- **DIRECTIONS**: In the data below, find the line with "AI가 텍스트와 이미지를" and the line with "Das Betriebsleiterpaar (*1989, *1991)", then restate both and every line between them exactly, minus the pictures.

- **DATA RECORDS**:
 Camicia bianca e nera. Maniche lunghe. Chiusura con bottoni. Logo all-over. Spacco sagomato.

==

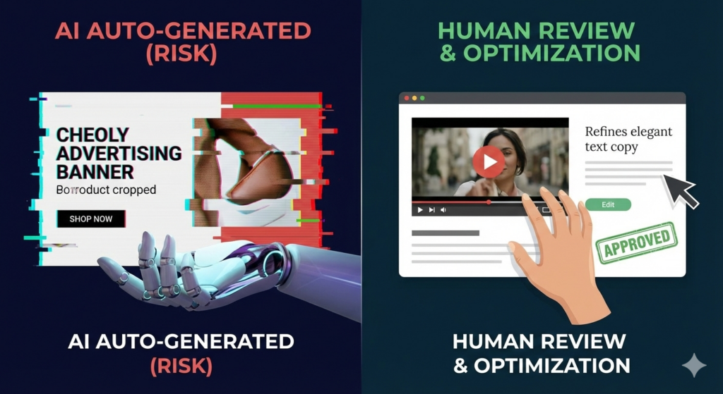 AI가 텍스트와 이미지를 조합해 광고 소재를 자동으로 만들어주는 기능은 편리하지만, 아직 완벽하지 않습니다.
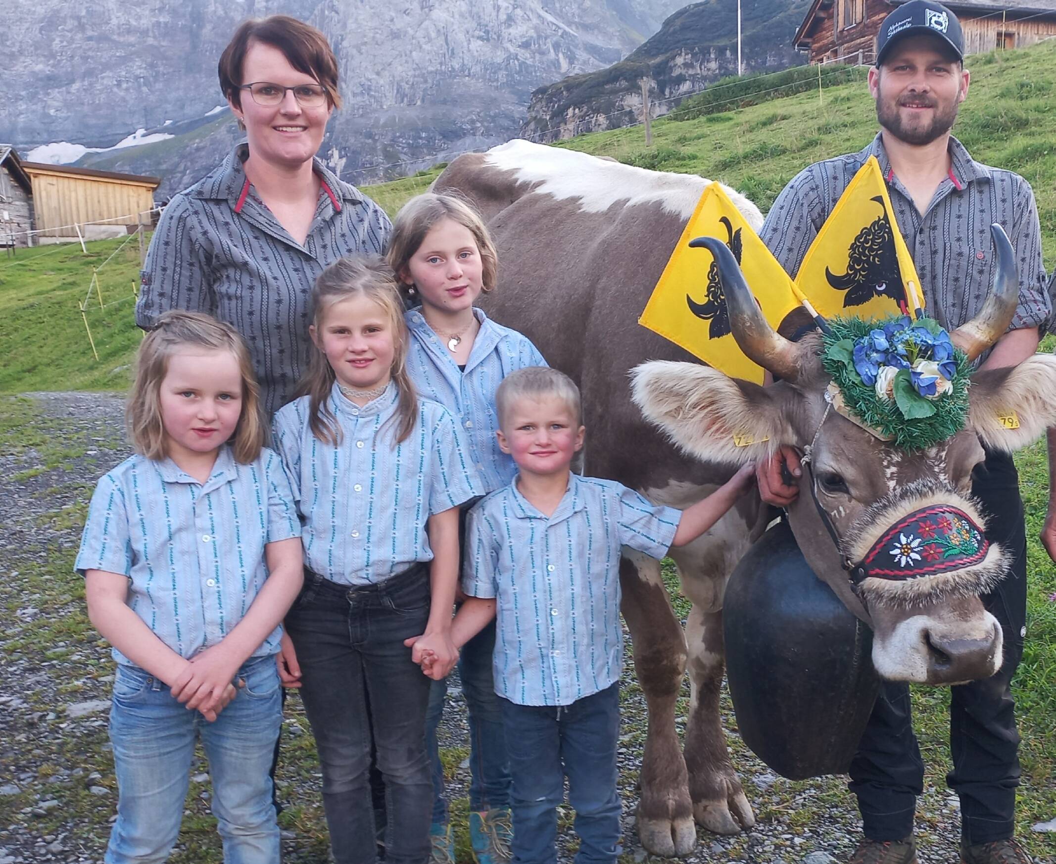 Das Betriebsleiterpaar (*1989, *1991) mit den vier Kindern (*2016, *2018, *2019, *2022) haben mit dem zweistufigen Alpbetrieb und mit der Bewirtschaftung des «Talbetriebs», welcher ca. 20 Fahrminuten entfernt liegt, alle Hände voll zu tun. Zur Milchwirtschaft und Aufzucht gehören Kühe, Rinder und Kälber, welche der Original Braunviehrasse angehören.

==

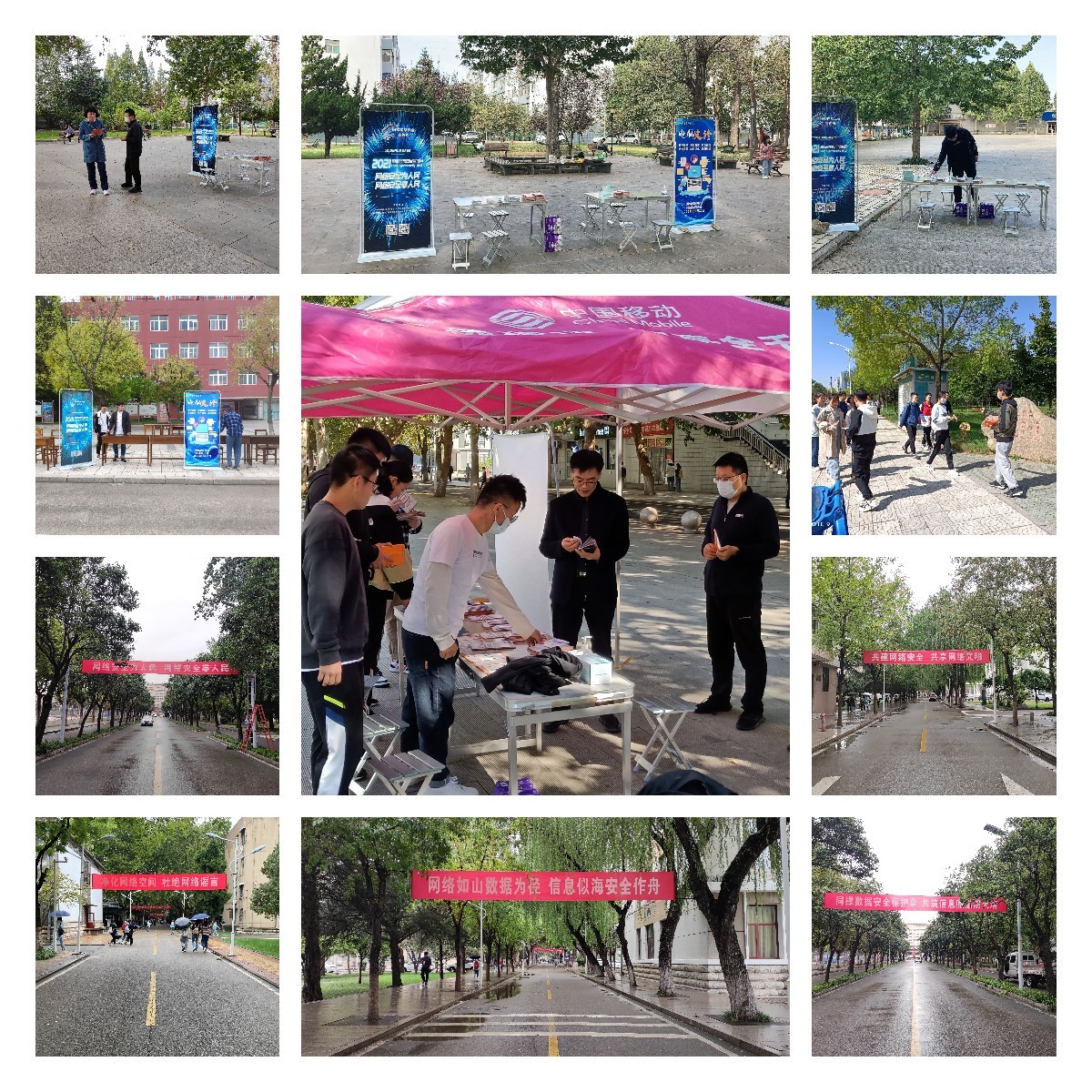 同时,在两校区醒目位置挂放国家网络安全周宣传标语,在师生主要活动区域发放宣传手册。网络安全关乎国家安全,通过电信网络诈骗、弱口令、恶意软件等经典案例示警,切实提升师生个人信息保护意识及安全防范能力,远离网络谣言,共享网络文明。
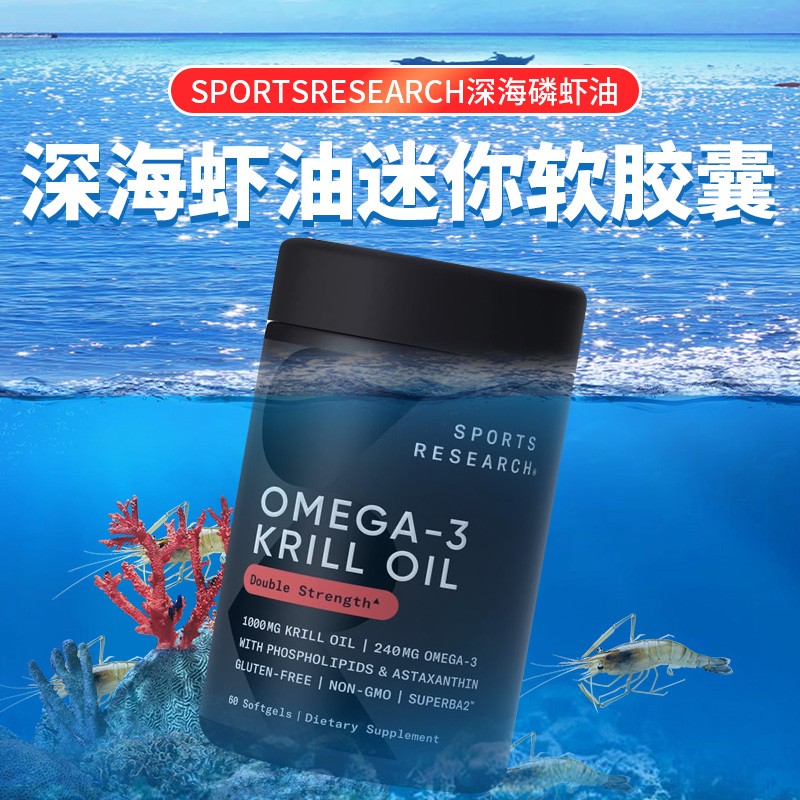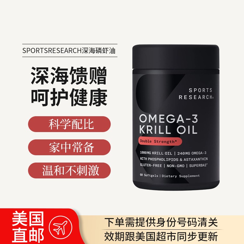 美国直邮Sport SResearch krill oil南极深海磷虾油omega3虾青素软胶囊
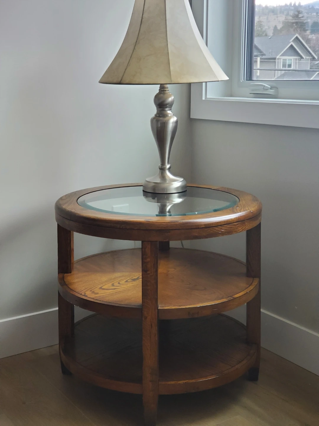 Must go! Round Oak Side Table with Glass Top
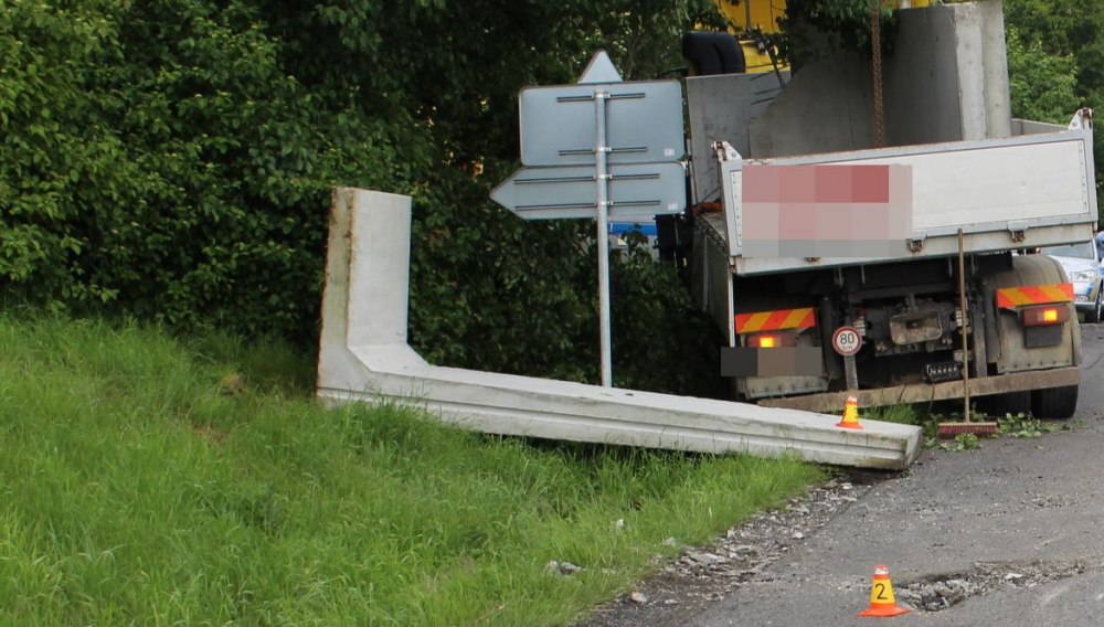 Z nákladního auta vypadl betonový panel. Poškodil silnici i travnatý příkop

- **RESULT**:
 AI가 텍스트와 이미지를 조합해 광고 소재를 자동으로 만들어주는 기능은 편리하지만, 아직 완벽하지 않습니다.
 Das Betriebsleiterpaar (*1989, *1991) mit den vier Kindern (*2016, *2018, *2019, *2022) haben mit dem zweistufigen Alpbetrieb und mit der Bewirtschaftung des «Talbetriebs», welcher ca. 20 Fahrminuten entfernt liegt, alle Hände voll zu tun. Zur Milchwirtschaft und Aufzucht gehören Kühe, Rinder und Kälber, welche der Original Braunviehrasse angehören.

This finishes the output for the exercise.